The Words | 10. Word | 73
(59-107)

Is it at all possible that the One Who manifests the perfection of all His Names in the cosmos by means of artful adornment for men to look upon, so that the cosmos comes to resemble a palace decorated with all kinds of wondrous and subtle art, should not also designate a teacher and a guide to the wonders of his creation?

Is it at all possible that the Lord of the cosmos should not solve, by means of a messenger, the complex talisman of the aim and purpose of all the changes that take place in the cosmos, and the riddle contained in the three difficult questions posed by all beings: "What is our origin? What is our destination? What is our purpose?"

Is it at all possible that the Glorious Maker Who makes Himself known to sentient beings by means of His fair creation, and Who makes himself loved by means of His precious bounties, should not also communicate to sentient beings, by means of a messenger, what His pleasure desires of them in exchange?
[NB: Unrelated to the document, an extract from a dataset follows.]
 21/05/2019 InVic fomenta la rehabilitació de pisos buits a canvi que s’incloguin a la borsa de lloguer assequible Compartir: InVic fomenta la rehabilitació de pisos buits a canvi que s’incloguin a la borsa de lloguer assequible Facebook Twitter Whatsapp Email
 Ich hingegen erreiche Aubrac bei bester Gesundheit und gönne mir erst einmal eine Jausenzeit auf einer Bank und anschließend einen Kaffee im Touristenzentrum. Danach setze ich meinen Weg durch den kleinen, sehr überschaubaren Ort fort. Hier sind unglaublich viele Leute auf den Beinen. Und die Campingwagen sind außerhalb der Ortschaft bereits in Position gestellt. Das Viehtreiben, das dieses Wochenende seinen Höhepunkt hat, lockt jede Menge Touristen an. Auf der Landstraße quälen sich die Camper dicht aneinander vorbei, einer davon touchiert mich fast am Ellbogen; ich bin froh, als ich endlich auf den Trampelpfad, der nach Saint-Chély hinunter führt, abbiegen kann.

Is it at all possible that God should create mankind in a form predisposing it to suffer the consciousness of multiplicity but also containing the ability to engage in universal worship, without at the same time wishing to turn it away from multiplicity to unity, by means of a teacher and guide?

There are numerous other functions of prophethood, each of which is a decisive proof that Divinity necessarily implies messengership.
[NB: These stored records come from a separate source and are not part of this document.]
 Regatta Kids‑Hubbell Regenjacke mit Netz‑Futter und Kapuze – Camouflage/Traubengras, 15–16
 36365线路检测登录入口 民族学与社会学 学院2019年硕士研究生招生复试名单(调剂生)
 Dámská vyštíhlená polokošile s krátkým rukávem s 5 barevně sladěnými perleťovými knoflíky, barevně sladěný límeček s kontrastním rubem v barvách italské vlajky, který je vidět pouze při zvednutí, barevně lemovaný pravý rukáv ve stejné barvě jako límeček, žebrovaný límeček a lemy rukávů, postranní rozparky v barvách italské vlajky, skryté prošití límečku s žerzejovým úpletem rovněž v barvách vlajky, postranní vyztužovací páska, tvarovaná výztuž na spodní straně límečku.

Did anyone ever appear in the world more worthy and more in possession of the abovementioned qualities and functions than Muhammad, the Arabian Prophet, may peace and blessings be upon him? Has time ever shown us one more fitting and suited to the rank of messengerhood and the task of conveying God's message? No, by no means! He is the master of all messengers, the foremost of all prophets, the leader of all pure ones, the closest to God of all those who have drawn nigh unto Him, the most perfect of all creatures, the monarch of all guides to righteousness.

Quite apart from the countless indications of his prophethood deriving from more than a thousand miracles, such as the splitting of the moon and the flowing of water from his fingers, that all scholars unanimously confirm, the supreme miracle of the Glorious Qur'an —an ocean of truth and a book miraculous in forty different respects— is itself enough to demonstrate his prophethood as clearly as the sun. Since we discuss the forty different aspects of the Qur'an's miraculousness in other treatises, particularly the Twenty-Fifth Word, we curtail our discussion of the matter here.